# I'm New so I thought that I would share



## Dream*Rider (May 5, 2007)

aww! i love your horse!!!


----------



## alucard (Dec 8, 2006)

That's a great pic! I love the aesthetic qualities! Beautiful horse!


----------



## Savara (May 9, 2007)

Thank You!


----------



## Prince#Rider (Dec 29, 2006)

BEAUTIFUL!!! 8)


----------



## meggymoo (Mar 10, 2007)

Prince#Rider said:


> BEAUTIFUL!!! 8)


I second that. Really is a lovely pic too. :wink:


----------



## JumpingPrincessx0xx (Apr 25, 2007)

yeah it is a lovevly picture. Beatufiul horse too.


----------



## ashlei (May 14, 2007)

Aww gorgeous!


----------



## Mare319 (May 20, 2007)

Gorgeous!
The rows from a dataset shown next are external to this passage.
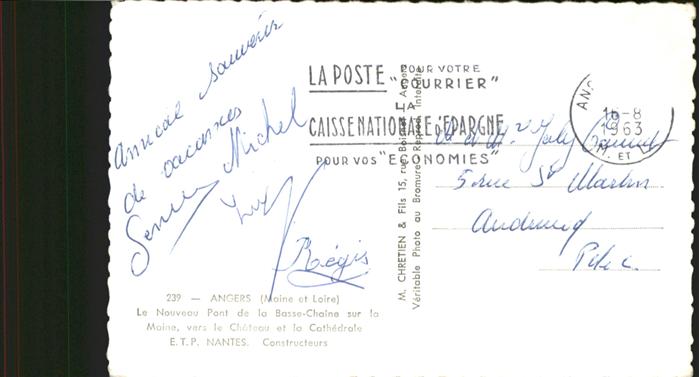 10951720 Angers Le Nouveau Pont de la Basse-Chaine sur la Maine Le Chateau la Cathedrale E.T.P. Nantes KatCode 11170049149007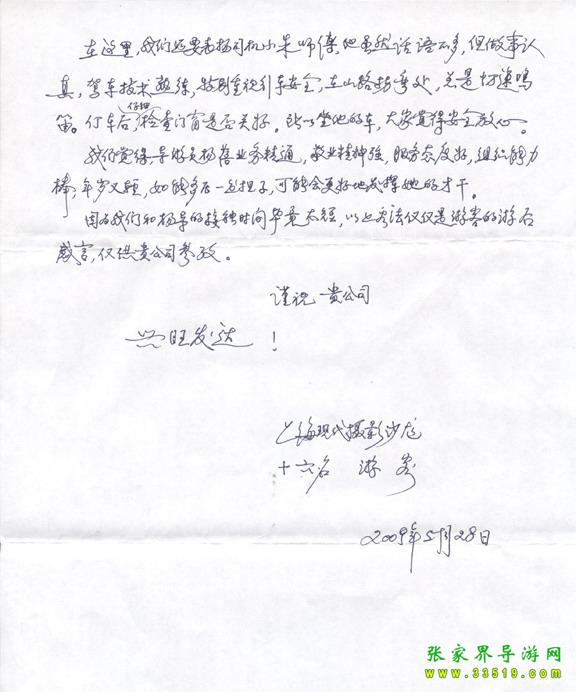 2009年5月19日“上?,F(xiàn)代攝影沙龍”一行16人,參加張家界旅游導(dǎo)游網(wǎng)組織的張家界旅游跟團(tuán),于2009年5月25日結(jié)束行程。游玩期間,由于導(dǎo)游楊蓓的出色講解和周到的服務(wù),得到客人的一致好評??腿颂丶谋頁P(yáng)信一封,如下:
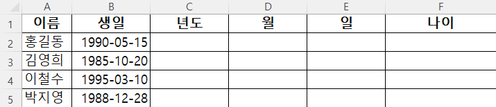 YEAR(serial_number), MONTH(serial_number), DAY(serial_number): 주어진 날짜에서 연도, 월, 일을 추출합니다. serial_number는 날짜 값을 나타내는 다른 함수나 셀 참조일 수 있습니다.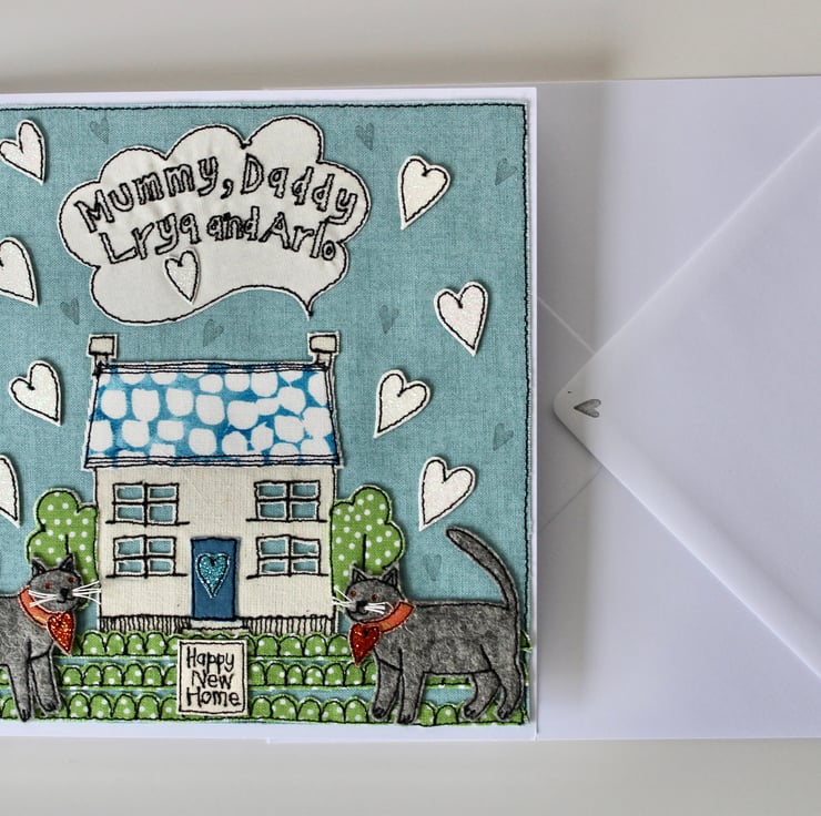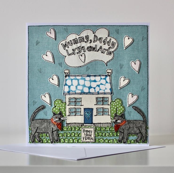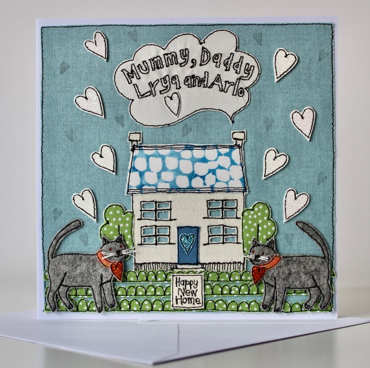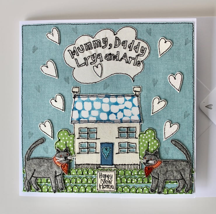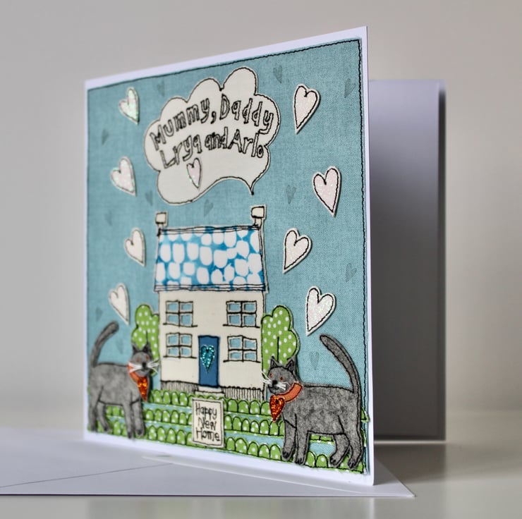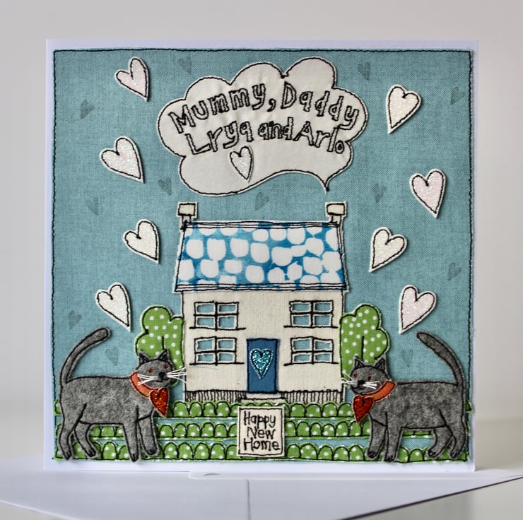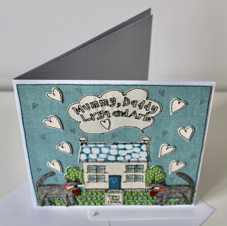 A handmade card which includes a house, two cats, hearts and sewn names 'Mummy, Daddy, Lrya and Arlo'.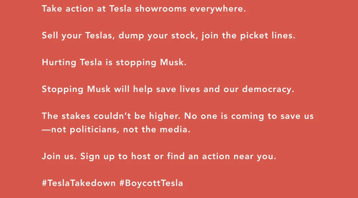 “卖掉你的特斯拉,抛售你的股票,加入抗议队伍,现在就制止马斯克”,在Tesla Takedown的网站首页,简单地列出了行动纲领。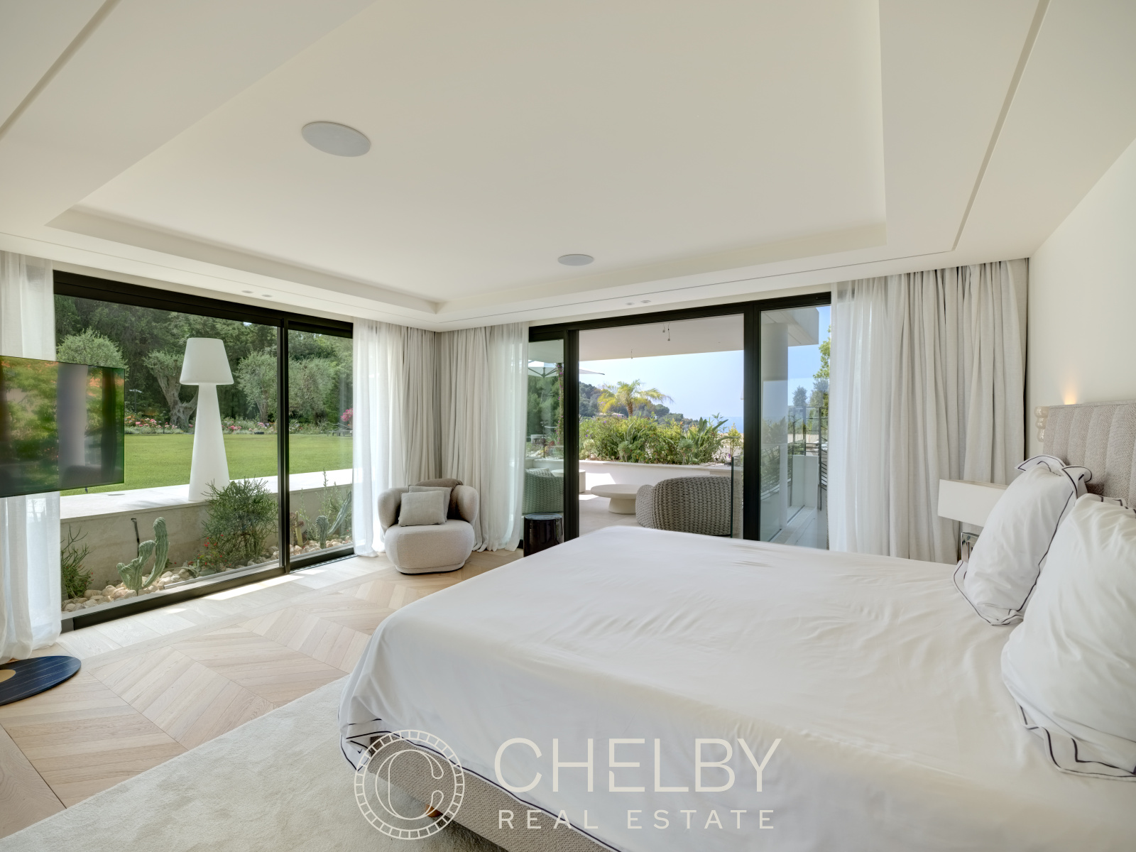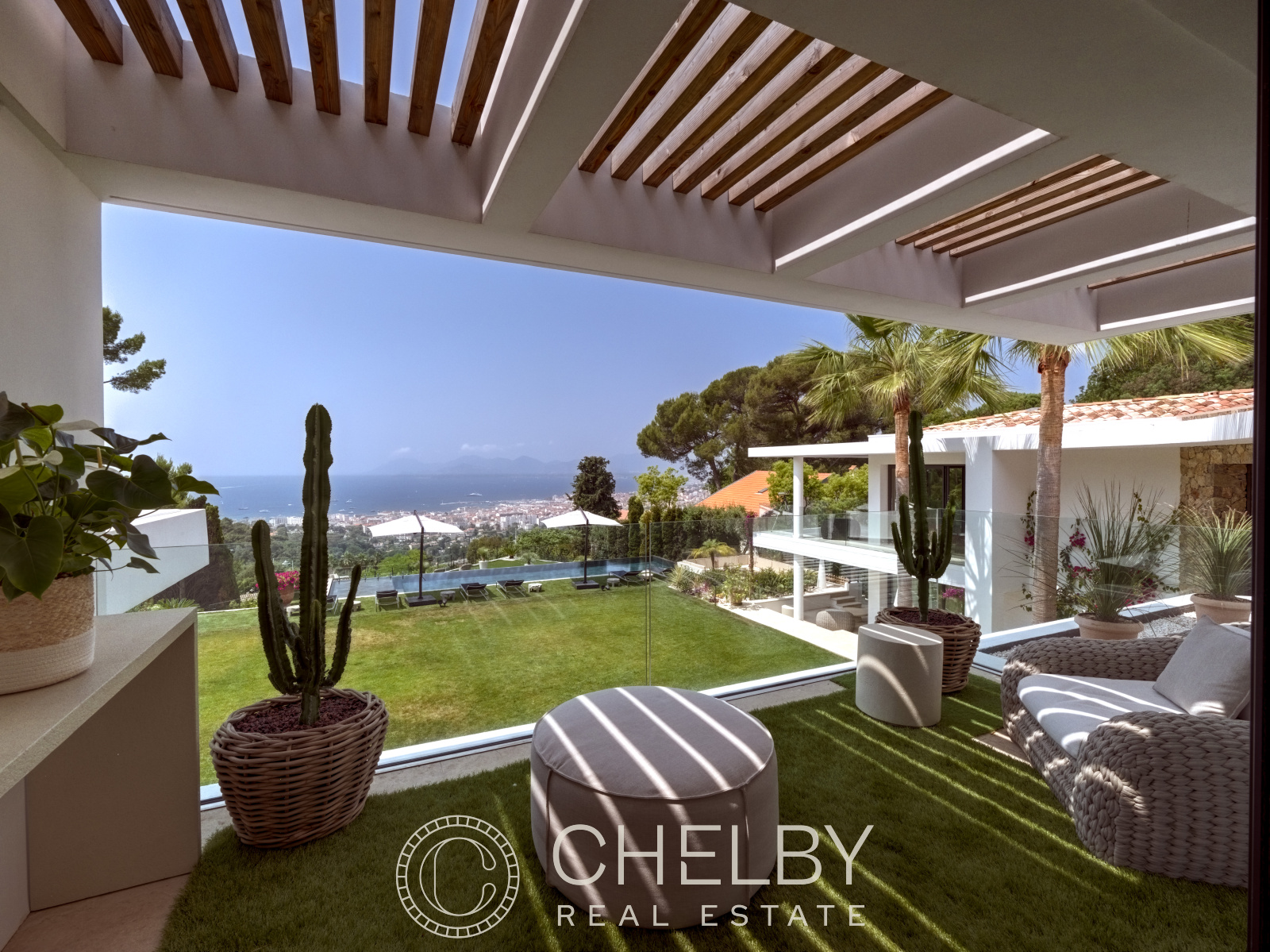 Nichée dans le quartier prisé de la Californie, cette villa d'exception, entièrement rénovée, offre une vue panoramique imprenable sur la baie de Cannes et le massif de l'Estérel. Spacieuse et moderne, elle s'étend sur 660 m² et comprend 5 chambres en suite, dont deux vastes suites, un bureau, un salon lumineux ouvert sur des terrasses face à la mer, et un jardin paysager avec une piscine à débordement.

I love the action shot too!


----------



## joseylovesrain123 (May 23, 2007)

meggymoo said:


> Prince#Rider said:
> 
> 
> > BEAUTIFUL!!! 8)
> ...


 :lol: i third that. :lol: great pic and it looks like you did a great job training him!!! Congrads!!!


----------



## carlabunyan (Feb 26, 2007)

wow you must be a good trainer! thats a fantastic horse!!!!


----------